Hover/focus state requirements
It’s important to note that according to G183, focus/hover states for links must have a non-color designator. This typically means that you would add the underline style to the link when it is hovered or tabbed to. This is a Level A requirement.
Because links that have current focus or are being activated will be visually apparent through the non-color designator, not to mention the fact the user has manually focused them, I believe the 3:1 contrast rule does not (or should not) apply to the hover, focus, or active states. In other words, it’s acceptable to have the hover, focus, and active link be very similar in contrast to the surrounding text color because the user must have done something with the link to activate that state AND the non-color designator must be present if they’ve done so. The 4.5:1 (or 7:1) contrast requirement to the background does apply to all link states.
Summary
Because of the WCAG 2.0 contrast requirements, if you don’t underline your links, there’s not much flexibility if you want to be Level AA, let alone Level AAA conformant. WCAG recognizes that meeting these contrast requirements “is not the preferred technique to differentiate link text”. Of course the easy solution to this is to simply underline links in their default state. Interestingly, underlined links can be the exact same color as their surrounding text, though this is far from optimal.

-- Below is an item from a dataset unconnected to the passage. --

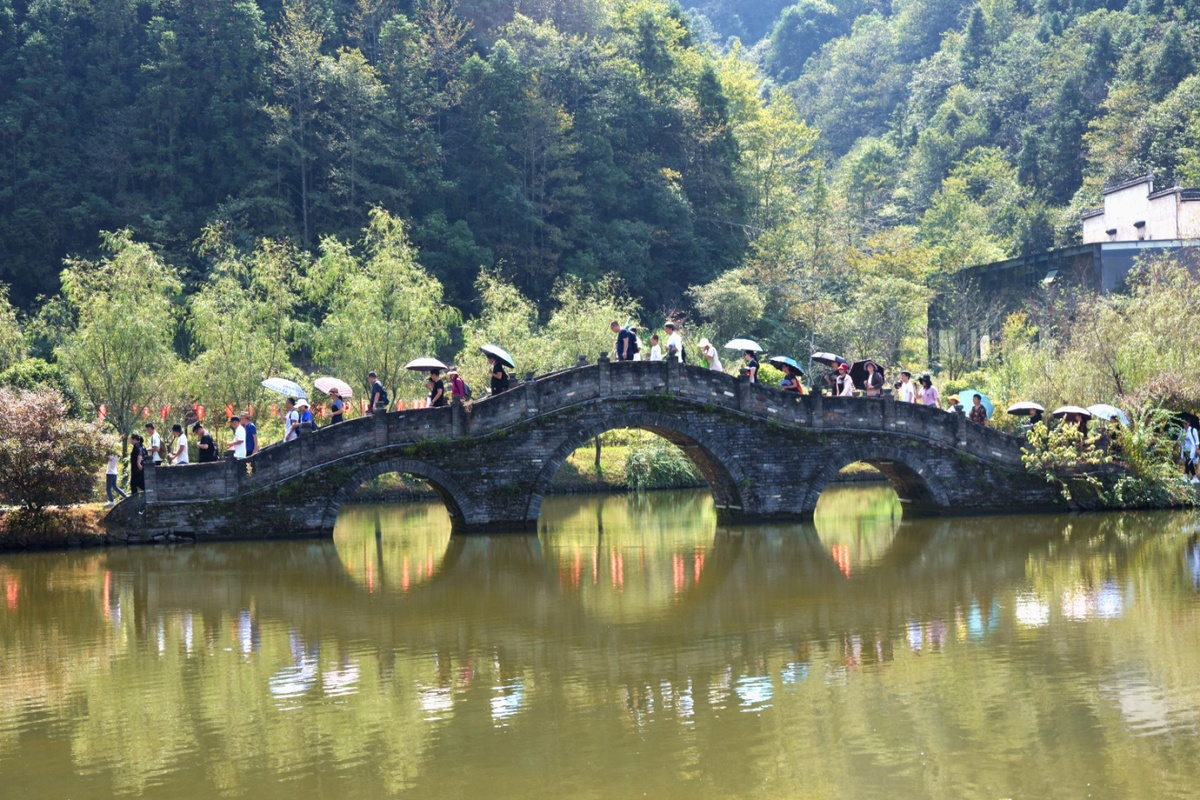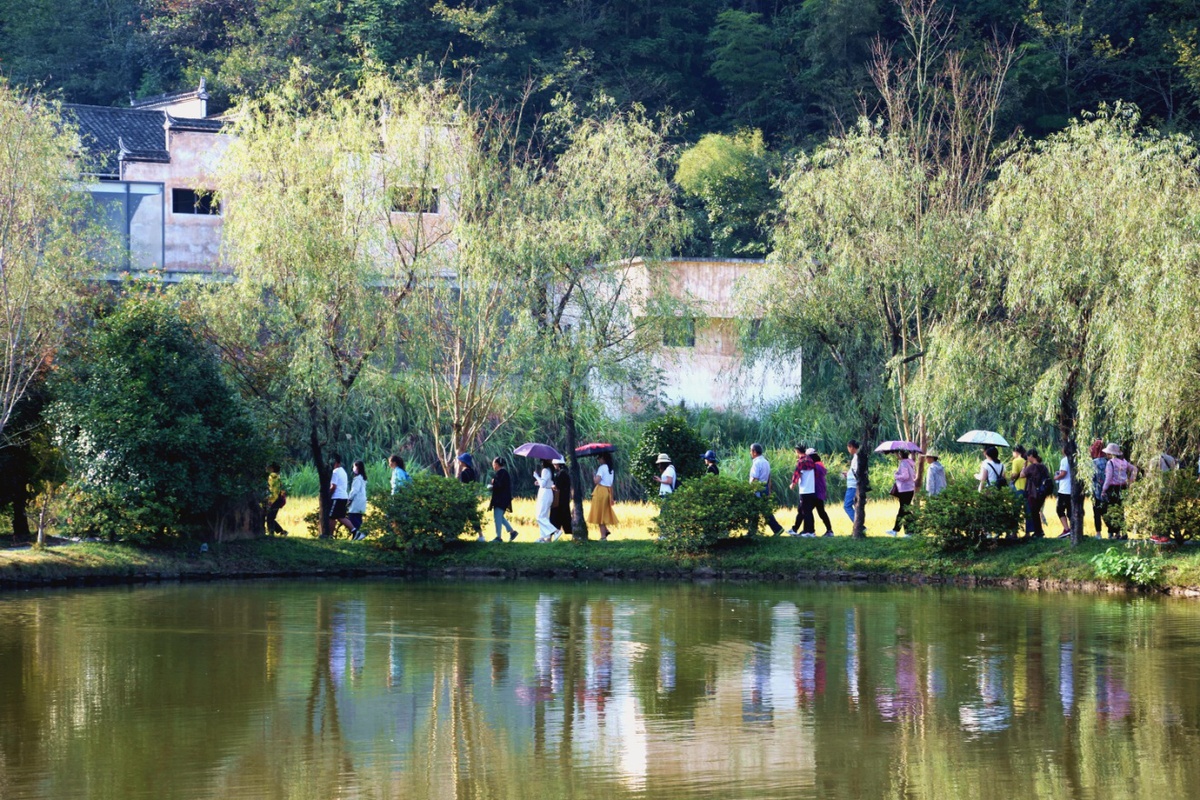 游客在婺源瑶湾景区旅游(程新德、江福民摄)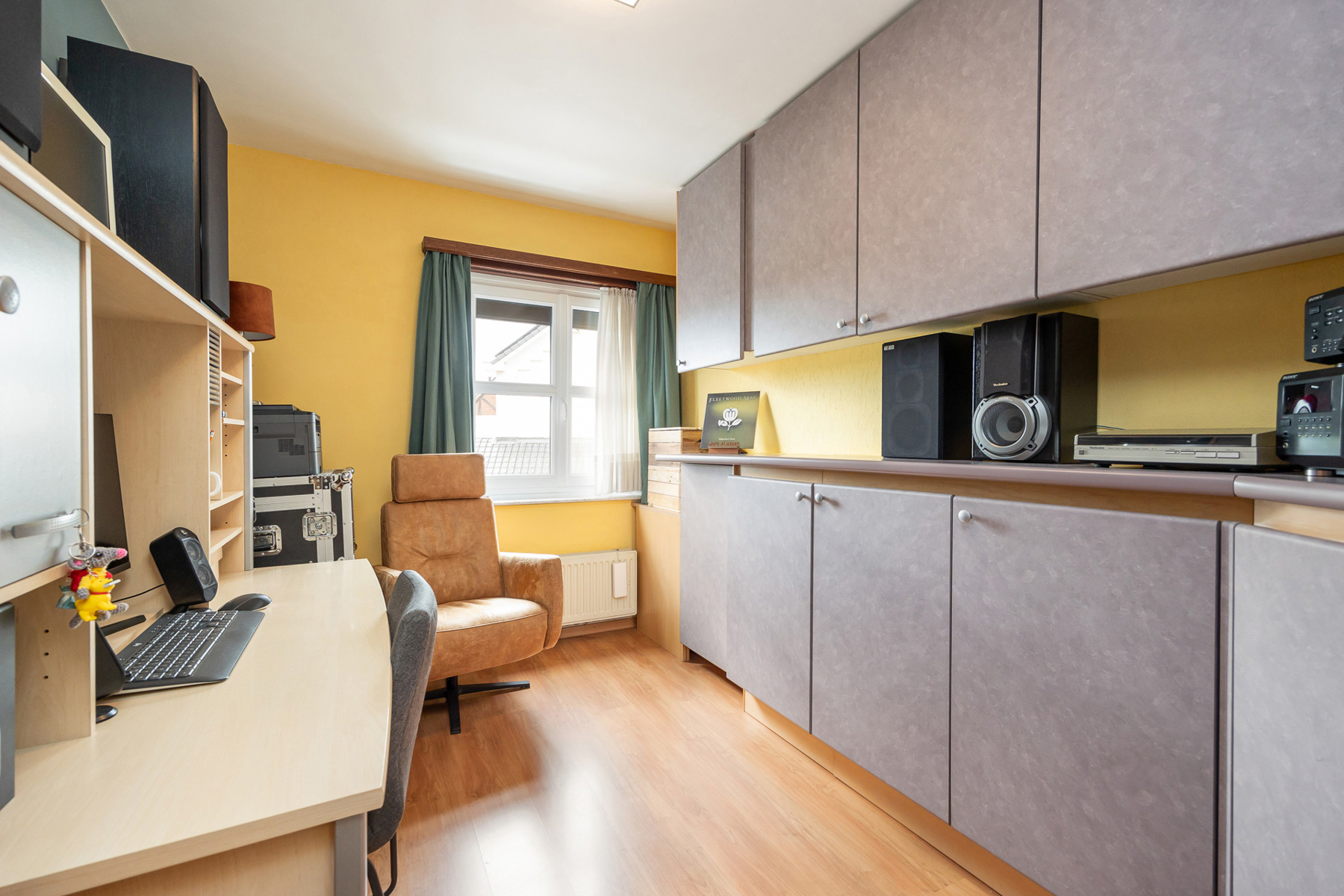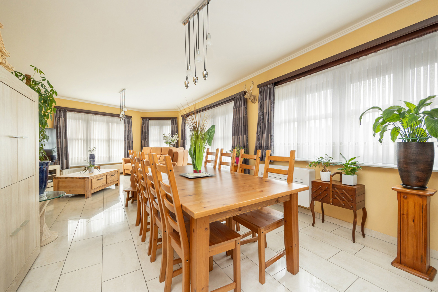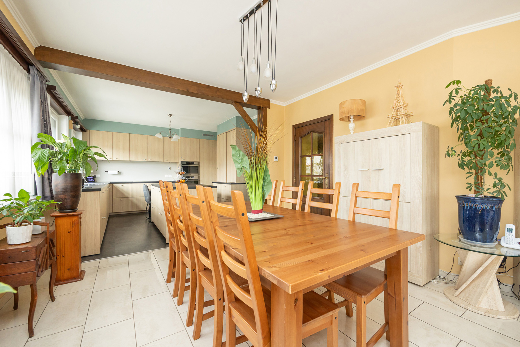 Binnenin valt meteen de ruime, lichtrijke leefruimte op met grote ramen in driedubbel veiligheidsglas die volledig open kunnen. De open keuken met kookeiland, door Keukens De Abdij (2023), is praktisch en stijlvol ingericht met kwaliteitsvolle toestellen zoals een combi-oven, oven, koelkast en vaatwasser. Een praktische berging grenst aan de keuken.

The contrast requirements for non-underlined links is a Level A guideline, which might suggest that they are of more importance than having high levels of contrast for non-linked content (which, interestingly, is only addressed at Level AA and AAA – white text on a white background with white underlined links is seemingly allowed at Level A). Regardless of conformance, it is vital for accessibility that there be good contrast for text and that links be discernible.
So, are the WCAG contrast requirements too stringent and inflexible? Or is it optimal for accessibility for WCAG 2.0 to limit non-underlined links to this narrow contrast window?